Gensim library enables us to develop word embeddings.Gensim gives you an option to choose the either CBOW or Skipgram while training your own embeddings.(Default is CBOW). Along with it, Gensim also has a directory of pretrained embeddings which are trained on several documents like wiki pages, google news, twitter tweets etc. In this example, we will be using a pretrained embedding based on Google News corpus (3 billion running words) word vector model (3 million 300-dimension English word vectors). 

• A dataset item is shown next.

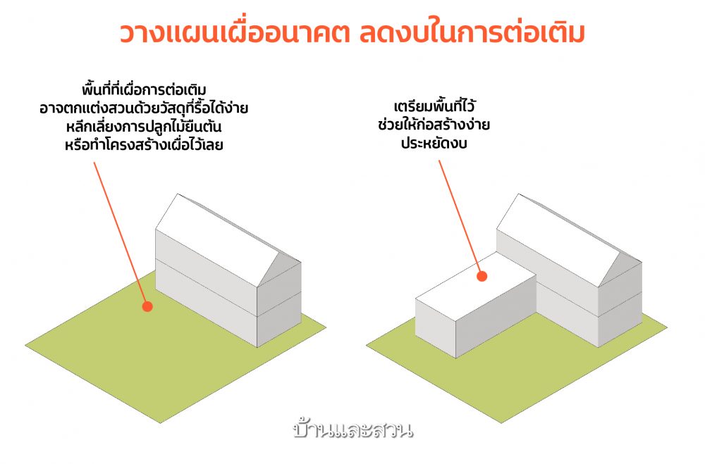 ลองวางแผนการใช้พื้นที่บ้านและที่ดินใน 5 – 10 ปี ต่อไป เช่น การปรับเปลี่ยนฟังก์ชันของห้อง การจะมีสมาชิกเพิ่ม หรือการต่อเติมบ้าน เพื่อออกแบบบ้านและเตรียมโครงสร้างเผื่อไว้รองรับการปรับเปลี่ยน หรือใช้วัสดุที่รื้อได้ง่าย อาจวางแผนการก่อสร้างและใช้พื้นที่แบ่งเป็น 2-3 เฟส จะทำให้การออกแบบภาพรวมของบ้านอยู่ในทิศทางเดียวกัน และสามารถบริหารงบประมาณได้

Ok enough of definitions. Let's dive into the code

### Table of Contents:
[1. Importing Libraries](#1)

[2. Reading Dataset](#2)

[3. Basic preprocessing](#3)

[4. Load pretrained embeddings](#4)

[5. Convert text inputs to embeddings using pretrained models](#5)

[6. Train and Validate a Multi-Output Classifier](#6)

[7. Predicting and Submitting for Test Data](#7)

[8. TODOs](#8)

**N.B.: I haven't covered Logistic Regression and Feature Importance/ Model Intrepretation in this notebook as I have covered it in the last notebook : https://www.kaggle.com/anirbansen3027/jtcc-bag-of-words**

## 1. Importing Libraries <a class="anchor" id="1"></a>

In [1]:
!pip install ipython-autotime 

import numpy as np # linear algebra
import pandas as pd # data processing, CSV file I/O (e.g. pd.read_csv)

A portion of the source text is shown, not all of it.